Unlike in previous litigation between the parties, in this case the UFCW was not burdened with proving that Wal-Mart’s decision to close the Jonquière store was motivated by anti-union sentiment, or a desire to punish employees or prevent them from exercising their statutory rights.  In order to demonstrate that the closure constituted a violation of the freeze, it had only to demonstrate that the closure was not “business as usual”. 

In other words, to escape a finding that it violated the freeze, Wal-Mart had to demonstrate that it would have proceeded to close the Jonquière store even if there had been no petition for certification.

A majority of the Supreme Court upheld the arbitrator’s ruling that the closure of Jonquière was not business as usual and so it violated the freeze.  Central to the arbitrator’s finding was that Jonquière “was performing very well,” and its “objectives were being met” to such an extent that bonuses were being promised.  On that basis, the arbitrator found that a reasonable employer in those circumstances would not have closed the store.

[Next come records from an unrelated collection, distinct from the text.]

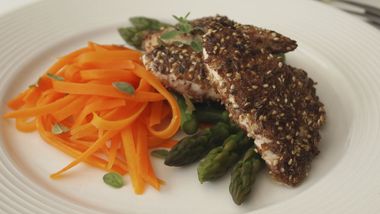 Junto con los espárragos agrega unas tiritas de pimientos asados para darle más color al plato.
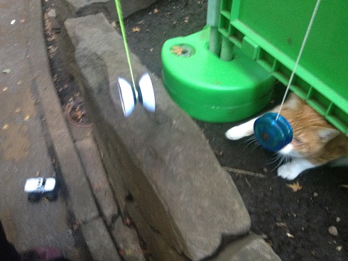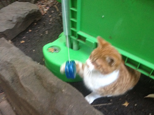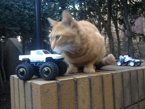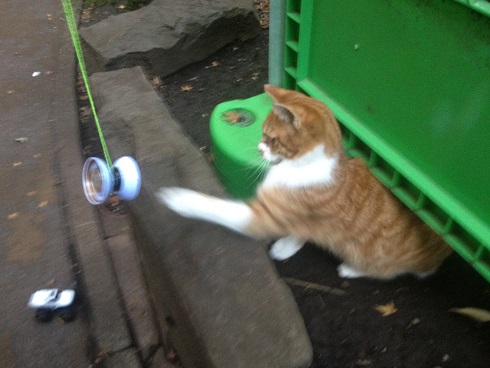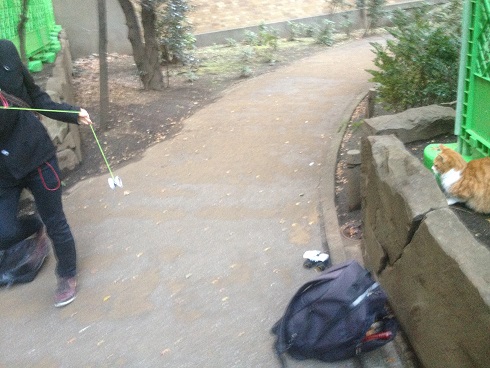 塀の上にマシンを置いていると、好奇心旺盛な猫がこちらへ近づいてきましたw
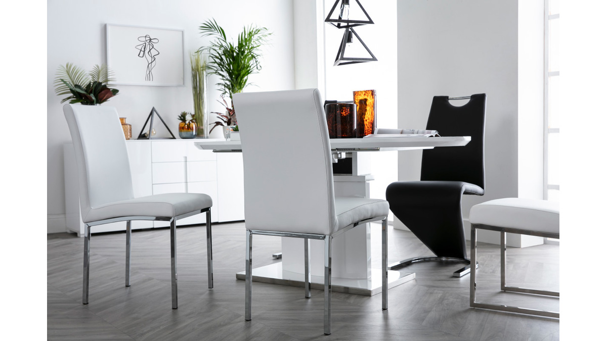 Die Design-Stühle SIMEA lassen sich einfach kombinieren und sind in Weiß, Hellgrau und Schwarz verfügbar.
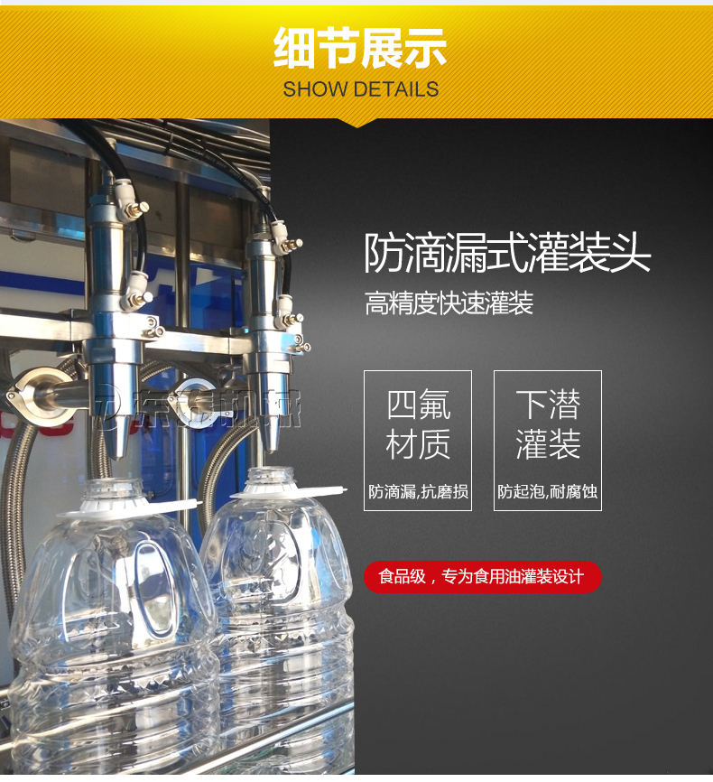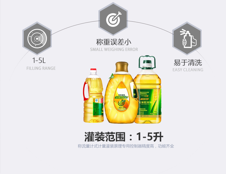 該系列食用油灌裝機采用流量計式計量灌裝原理,多項技術(shù)認(rèn)證,適用于各種規(guī)格(1-5 升)的南瓜籽油、榛子油、牡丹籽油、芝麻油、核桃油、山茶油、亞麻籽油、棉籽油、橄欖油、大豆油、玉米油、菜籽油等食用油灌裝。設(shè)備采用高精度的旋轉(zhuǎn)編碼器計量,保證了 1‰的灌裝精度,在保證灌裝精度的同時,提高了20%-35%的灌裝速度,操作簡單,維護(hù)方便,節(jié)省人工成本,生產(chǎn)效率更高。
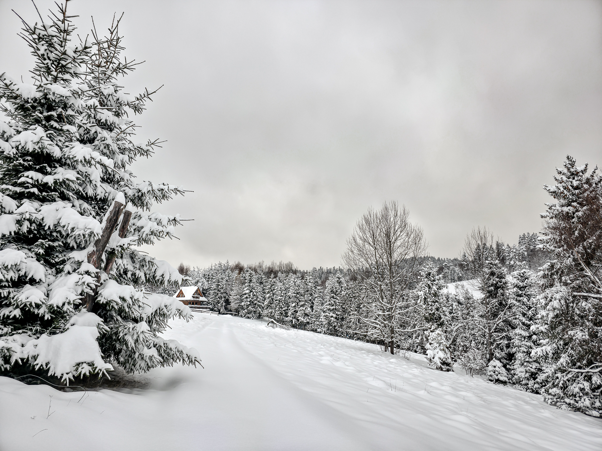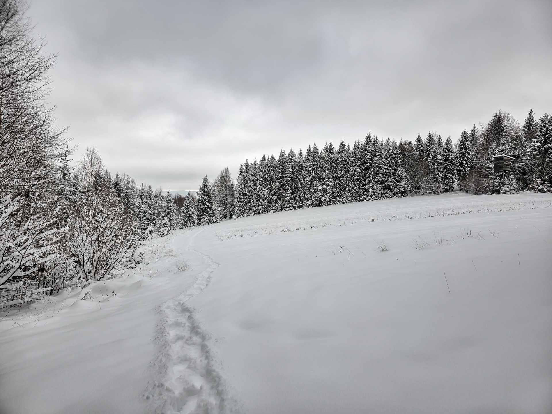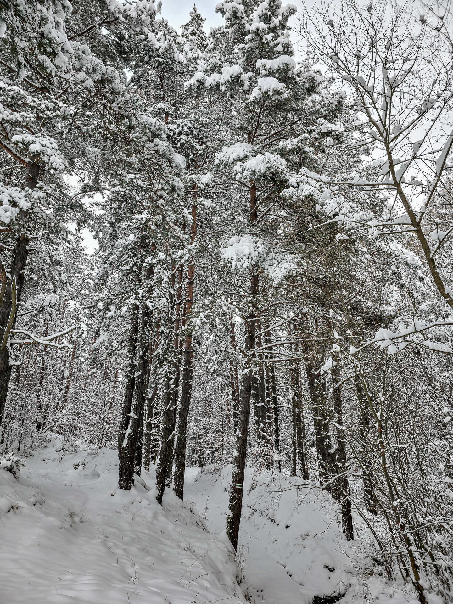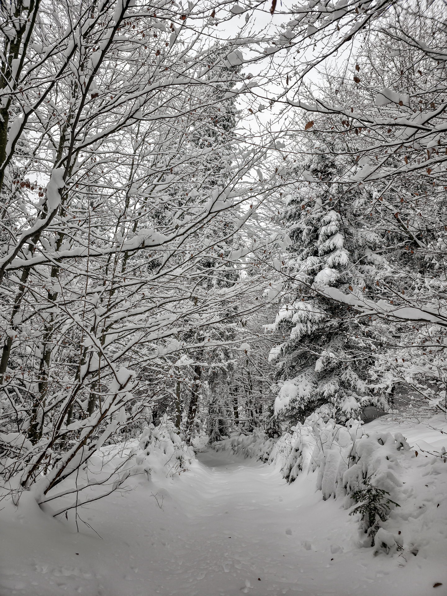 Zielony szlak prowadzi przez Maniowy: ulicami Ks. A. Siudy, Gorczańską i Pienińską. Od parkingu przy Biedronce do mostu na granicy Maniowy–Mizerna jest około 2 km. Tuż za mostem szlak odbija z głównej drogi mocnym skosem na północ, obok zabudowań — i naprawdę łatwo to miejsce przeoczyć. Od tego momentu wkroczyłem na całkowicie nieprzetarty teren, brnąc w śniegu do łydek, a miejscami nawet do kolan. Oczywiście byłem zachwycony — śnieg był wszędzie, drzewa uginały się pod jego ciężarem, a choć niebo było pochmurne, panowała jasna, zimowa, nostalgiczna atmosfera.

Given that the closure could not be undone, the Supreme Court held that it was appropriate and within the arbitrator’s power to award damages to the (almost) 200 employees who lost their jobs as a result of Wal-Mart’s violation of the freeze.

Lessons for Employers

The similarity between the relevant freeze provisions in Québec’s Labour Code and legislation in other provinces would likely support a similar result outside Québec.

Even after the Supreme Court’s decision, a company that is truly struggling before its employees unionize should still be able to establish that a closure during the freeze would be “business as usual”.  In other words, it would be lawful provided it can be shown that an employer similarly positioned would be acting reasonably by closing shop, with or without a union. 

Under the general duty to bargain in good faith such employers would still be required to advise the union in bargaining of the impending closure and to discuss it in good faith.  However, absent anti-union animus it appears the law would still permit closure in those circumstances without a resulting violation of the freeze or a finding the closure constituted an unfair labour practice.

After the Supreme Court’s decision, it appears that most closures implemented during the freeze, even absent evidence of anti-union animus, would be unlawful.  That said, as noted by the dissent, once the freeze is over (provided there is no anti-union animus or violation of the duty to bargain in good faith) employers can likely implement a closure with impunity. 

This is perhaps the most unfortunate aspect of the decision.  We expect that labour tribunals and courts will require more than speculative evidence to demonstrate that a closure was “business as usual”.  This may force some employers that are already struggling to wait longer than they would otherwise have done to close locations, resulting in significant and avoidable financial loss.